EXERCISE:
Each entry should be transcribed exactly as written, and any picture left out.

DATA RECORDS:
=== Section Start ===

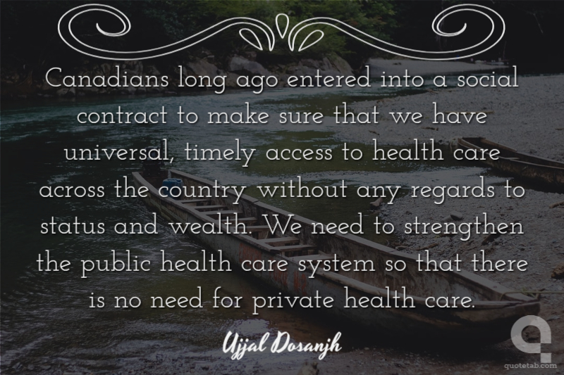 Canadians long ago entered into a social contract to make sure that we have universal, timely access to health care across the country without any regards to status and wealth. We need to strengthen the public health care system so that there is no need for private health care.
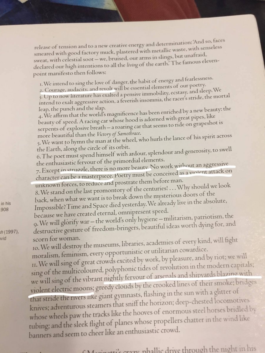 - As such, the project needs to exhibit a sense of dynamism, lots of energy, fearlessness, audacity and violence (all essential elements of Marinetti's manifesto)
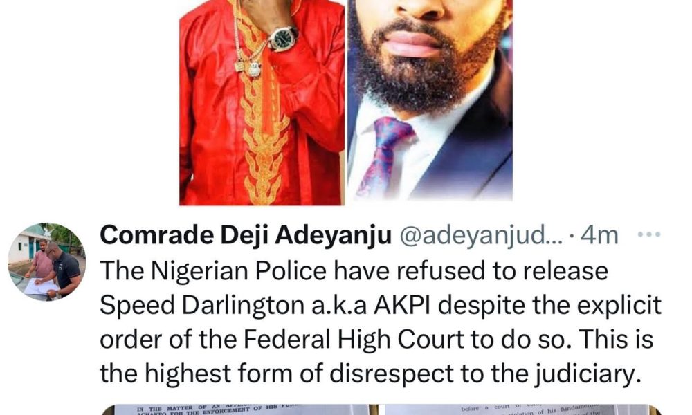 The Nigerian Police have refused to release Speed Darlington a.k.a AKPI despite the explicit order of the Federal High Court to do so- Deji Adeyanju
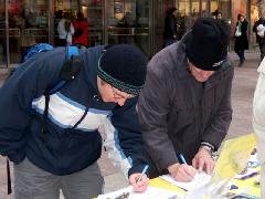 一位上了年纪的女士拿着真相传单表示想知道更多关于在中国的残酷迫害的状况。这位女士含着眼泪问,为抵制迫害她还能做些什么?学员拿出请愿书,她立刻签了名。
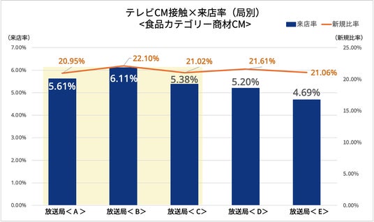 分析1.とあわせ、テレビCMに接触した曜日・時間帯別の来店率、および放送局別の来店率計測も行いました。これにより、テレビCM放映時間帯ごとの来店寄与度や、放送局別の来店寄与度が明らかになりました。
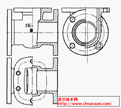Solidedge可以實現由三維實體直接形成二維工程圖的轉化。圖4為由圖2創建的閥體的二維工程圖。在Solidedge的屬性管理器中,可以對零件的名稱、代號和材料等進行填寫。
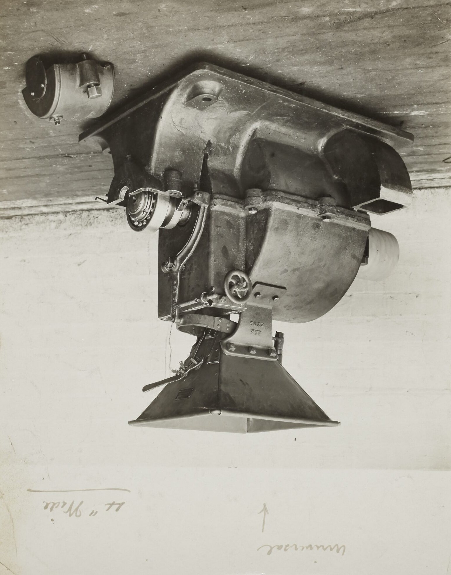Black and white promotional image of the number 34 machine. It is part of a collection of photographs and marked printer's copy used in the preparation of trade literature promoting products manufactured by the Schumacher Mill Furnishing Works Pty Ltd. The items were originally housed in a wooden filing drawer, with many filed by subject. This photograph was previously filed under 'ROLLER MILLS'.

=== Section End ===

EXPECTED ANSWER:
 Canadians long ago entered into a social contract to make sure that we have universal, timely access to health care across the country without any regards to status and wealth. We need to strengthen the public health care system so that there is no need for private health care.
 - As such, the project needs to exhibit a sense of dynamism, lots of energy, fearlessness, audacity and violence (all essential elements of Marinetti's manifesto)
 The Nigerian Police have refused to release Speed Darlington a.k.a AKPI despite the explicit order of the Federal High Court to do so- Deji Adeyanju
 一位上了年纪的女士拿着真相传单表示想知道更多关于在中国的残酷迫害的状况。这位女士含着眼泪问,为抵制迫害她还能做些什么?学员拿出请愿书,她立刻签了名。
 分析1.とあわせ、テレビCMに接触した曜日・時間帯別の来店率、および放送局別の来店率計測も行いました。これにより、テレビCM放映時間帯ごとの来店寄与度や、放送局別の来店寄与度が明らかになりました。
Solidedge可以實現由三維實體直接形成二維工程圖的轉化。圖4為由圖2創建的閥體的二維工程圖。在Solidedge的屬性管理器中,可以對零件的名稱、代號和材料等進行填寫。
Black and white promotional image of the number 34 machine. It is part of a collection of photographs and marked printer's copy used in the preparation of trade literature promoting products manufactured by the Schumacher Mill Furnishing Works Pty Ltd. The items were originally housed in a wooden filing drawer, with many filed by subject. This photograph was previously filed under 'ROLLER MILLS'.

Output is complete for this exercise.